Resros  ―遺物―

 日は既に中天を過ぎ、傾きかけた日差しが柔らかい反射光として森の中に降り注いでいた。
 リオは観察の場を移し、今度は泉の傍に鎮座している大岩に生えている苔を検めていた。表層に生えている苔たちがちょうど花を咲かせている。この大岩はどうやら蛇紋岩のようだと彼は検討をつけた。
 表から見た時は気が付かなかったが、裏から見ると大岩には頑張れば人ひとり通れそうなくらいの、大きな亀裂が走っている。側に泉もあることだし、水の侵食で割れたものだろうか。遠くから見ると、ひび割れた卵のように見えなくもない。亀裂の中には、細かい苔がびっしりと生えていて、地衣類の生命力の強さを感じさせる。

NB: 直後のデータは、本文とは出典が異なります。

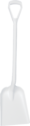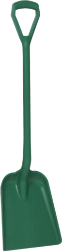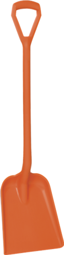 Vikan pelle polypropylène. Pele moulée ergonomique et hygiénique pour untilisation en environnement agroalimentaire. Manche court - 1040 mm. Godet plat - 270 x 330 x 50 mm. Poids: 1,2 kg. Vert - Bleu - Rouge - Blanc - Jaune - Orange - Noir.
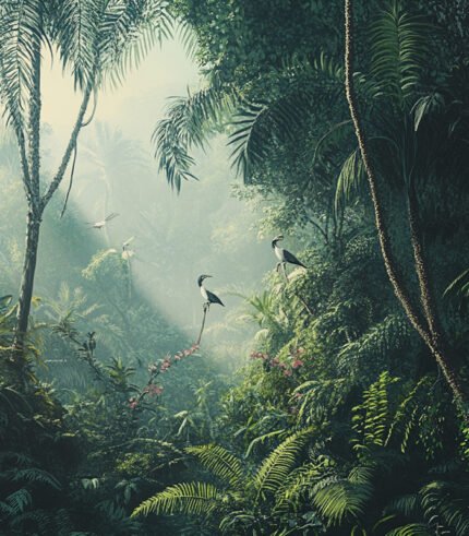 A rain-slicked street mirrors city lights, blending wet asphalt with glowing neon hues.

 リオはこの苔に目をつけた。前に一度、よく似たものを見たことがある。今はもう衰えた、古い生命力の残滓――強い死の瘴気が残った場所の指標としてよく利用されるサンゲソウだ。旧く巨大な死は、長期にわたって新しい生命を拒む。だから、瘴気の環境下でも生育できる生命は非常に限られる。サンゲソウはそのひとつだ。そして、リオが探している目的のもののひとつでもあった。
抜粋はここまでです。